* [WHAT IS EXPECTED]
Pick up at the line with "El Intendente Municipal". Write it out exactly, along with each later line through the end of the data, and nothing more.

* [DATASET RECORDS]
══════════════════════════════

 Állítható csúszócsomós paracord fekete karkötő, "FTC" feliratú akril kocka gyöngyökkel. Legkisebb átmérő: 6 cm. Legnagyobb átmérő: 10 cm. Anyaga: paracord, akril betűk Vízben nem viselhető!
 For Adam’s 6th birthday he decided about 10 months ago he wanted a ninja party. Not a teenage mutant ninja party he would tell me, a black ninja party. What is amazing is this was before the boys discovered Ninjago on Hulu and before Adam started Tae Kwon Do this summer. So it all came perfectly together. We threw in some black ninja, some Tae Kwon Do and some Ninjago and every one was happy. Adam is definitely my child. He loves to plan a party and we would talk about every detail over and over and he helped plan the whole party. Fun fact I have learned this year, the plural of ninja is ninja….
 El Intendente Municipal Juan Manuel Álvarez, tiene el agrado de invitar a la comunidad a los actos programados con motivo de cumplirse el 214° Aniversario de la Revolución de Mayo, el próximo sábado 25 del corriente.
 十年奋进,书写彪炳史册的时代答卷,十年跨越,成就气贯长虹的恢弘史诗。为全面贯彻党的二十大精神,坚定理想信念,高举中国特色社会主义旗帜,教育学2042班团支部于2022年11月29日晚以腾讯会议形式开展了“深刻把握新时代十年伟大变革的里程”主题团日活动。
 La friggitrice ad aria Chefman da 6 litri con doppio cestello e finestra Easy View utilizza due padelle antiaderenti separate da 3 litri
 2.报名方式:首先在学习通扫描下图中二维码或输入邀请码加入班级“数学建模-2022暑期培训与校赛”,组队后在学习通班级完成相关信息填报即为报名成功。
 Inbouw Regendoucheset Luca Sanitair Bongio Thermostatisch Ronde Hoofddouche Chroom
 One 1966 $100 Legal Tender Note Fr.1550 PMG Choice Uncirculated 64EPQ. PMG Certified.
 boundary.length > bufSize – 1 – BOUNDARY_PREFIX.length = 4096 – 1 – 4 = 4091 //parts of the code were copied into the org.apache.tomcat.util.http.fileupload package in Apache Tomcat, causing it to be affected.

══════════════════════════════

* [EXERCISE OUTPUT]
 El Intendente Municipal Juan Manuel Álvarez, tiene el agrado de invitar a la comunidad a los actos programados con motivo de cumplirse el 214° Aniversario de la Revolución de Mayo, el próximo sábado 25 del corriente.
 十年奋进,书写彪炳史册的时代答卷,十年跨越,成就气贯长虹的恢弘史诗。为全面贯彻党的二十大精神,坚定理想信念,高举中国特色社会主义旗帜,教育学2042班团支部于2022年11月29日晚以腾讯会议形式开展了“深刻把握新时代十年伟大变革的里程”主题团日活动。
 La friggitrice ad aria Chefman da 6 litri con doppio cestello e finestra Easy View utilizza due padelle antiaderenti separate da 3 litri
 2.报名方式:首先在学习通扫描下图中二维码或输入邀请码加入班级“数学建模-2022暑期培训与校赛”,组队后在学习通班级完成相关信息填报即为报名成功。
 Inbouw Regendoucheset Luca Sanitair Bongio Thermostatisch Ronde Hoofddouche Chroom
 One 1966 $100 Legal Tender Note Fr.1550 PMG Choice Uncirculated 64EPQ. PMG Certified.
 boundary.length > bufSize – 1 – BOUNDARY_PREFIX.length = 4096 – 1 – 4 = 4091 //parts of the code were copied into the org.apache.tomcat.util.http.fileupload package in Apache Tomcat, causing it to be affected.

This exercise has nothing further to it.